Hizmet-i İmaniye Davası
Biz Allah’ın hoşnutluğunu elde etmeyi, O’nun yüce adını bayraklaştırmaya, muhtaç sinelere duyurmaya bağlamışız. Gönlümüzün ilhamlarını mayalayarak, çoğaltarak, bütün insanlığın gönlüne boşaltma peşinde koşuyoruz. Bunun yanı sıra, bütün ülkelerin silahlanma yarışına girdiği ve türlü türlü vahşetlerin sergilendiği bir dönemde, insanlığın diyaloğa, sevgiye, paylaşmaya ve uzlaşmaya ihtiyacı olduğunu düşünüyor, sulh ve selametini bunda görüyoruz. Bu yüzden de insanlığa insanca yaşama yollarını göstermeyi, Allah’a imanın bir gereği sayıyor ve kendimize vazife biliyoruz. Dünyayı bir cennet koridoru haline getirmenin yolunun, paylaşmadan ve uzlaşmadan geçtiğine inanıyoruz. Bu yüzden de bu duygu ve düşüncelerimizi bir nüve gibi herkese ulaştırmak istiyoruz. İnsanlık buna ne ölçüde sahip çıkar, bu fikirleri ne ölçüde inkişaf ettirir ve ne ölçüde uygulamaya sokar, bilemiyoruz. Bu, onlara kalmış bir meseledir, bizi alakadar etmez.

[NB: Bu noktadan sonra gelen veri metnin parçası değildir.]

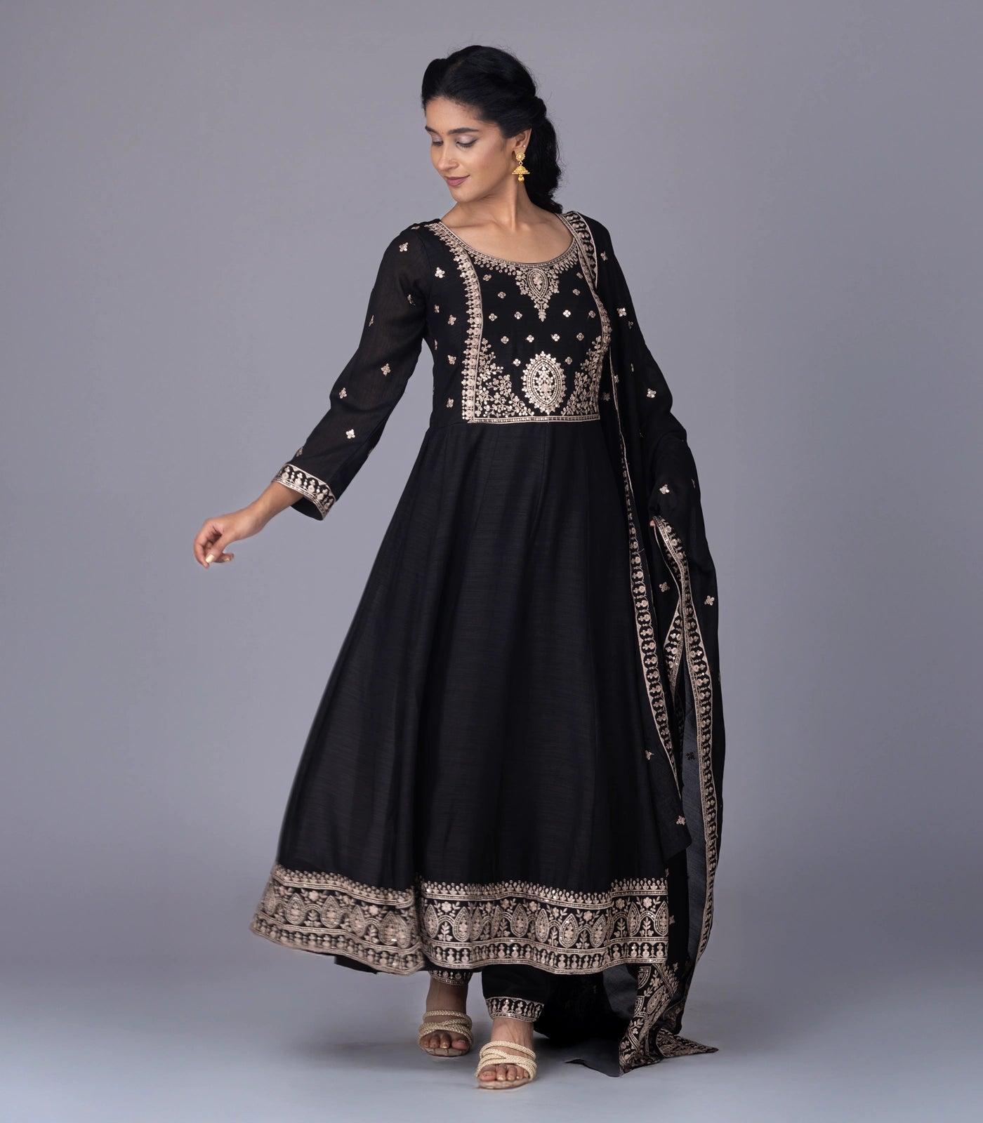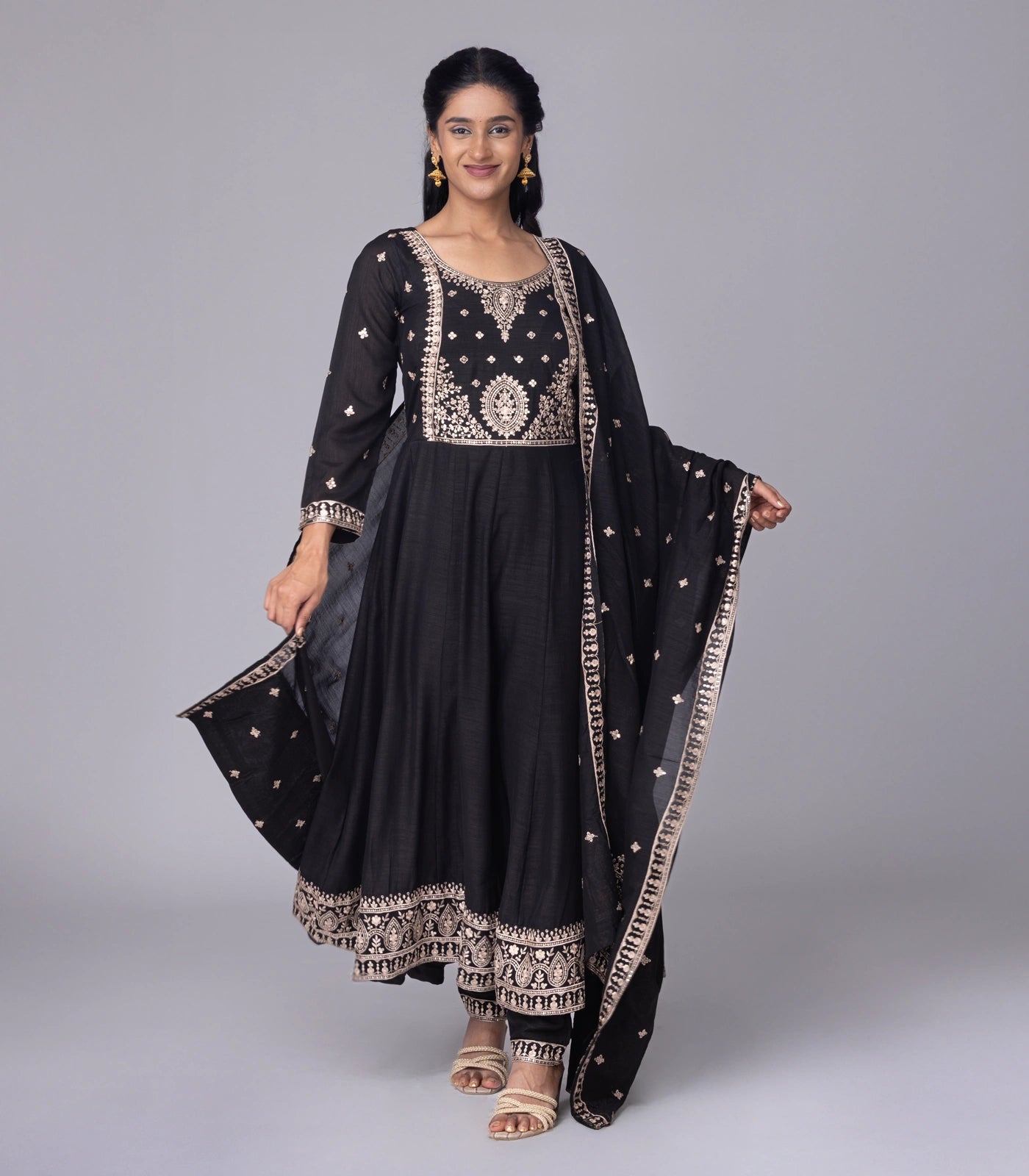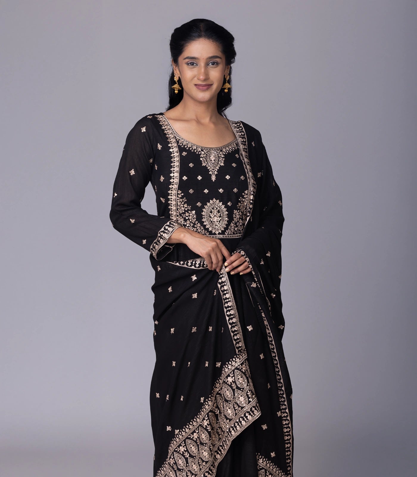 ● Round neckline with intricate embroidery detailing at the centre front ● Long sleeves with embroidery detailing ● Paired with matching straight fit trousers and embroidered dupatta

Son olarak şunu da belirtmek gerekir ki biz, başkalarıyla aramızda diyalog köprüleri kurmak suretiyle onlardan da alacağımız değerler olduğuna inanıyor ve kendimizi bundan mahrum bırakmak istemiyoruz. Ne cimrilik yaparak sahip olduğumuz değerlerden ve müktesebattan başkalarının mahrum kalmasına gönlümüz razı olur ne de başka kültür ve medeniyetlerin sahip olduğu güzelliklerden mahrum kalmaya.
Bazı paranoyak ruhlar bunlara hiçbir zaman inanmayabilirler. Nitekim inanmıyorlar da. Ne yaparsak yapalım ikna olmayacak insanlar var. Cennet’e bir merdiven koysak ve onlar da kendi gözleriyle Cennet’i görseler yine de, “Acaba öbür tarafta görmediğimiz bir çukur var da, bunlar bizi oraya mı atmak istiyor!” diyerek yaptığınız işi kuşkuyla karşılayacak ve ucunda Cennet bile olsa sizin koyduğunuz merdivenden çıkmak istemeyeceklerdir. Bu tür mütemerrit insanlar hiçbir devirde eksik olmamıştır, bundan sonra da olmayacaktır. Ne düşmanların düşmanlığını, ne de hasetçilerin hasedini önlemeye gücünüz yetmeyecektir. Eğer yapılabiliyorsa, onların tesir alanları daraltılmaya çalışılmalı fakat onlara bakarak asla vazifeden dûr olmamalı.
***
Not: Bu yazı, 21 Kasım 2008 tarihinde yapılan sohbetten hazırlanmıştır.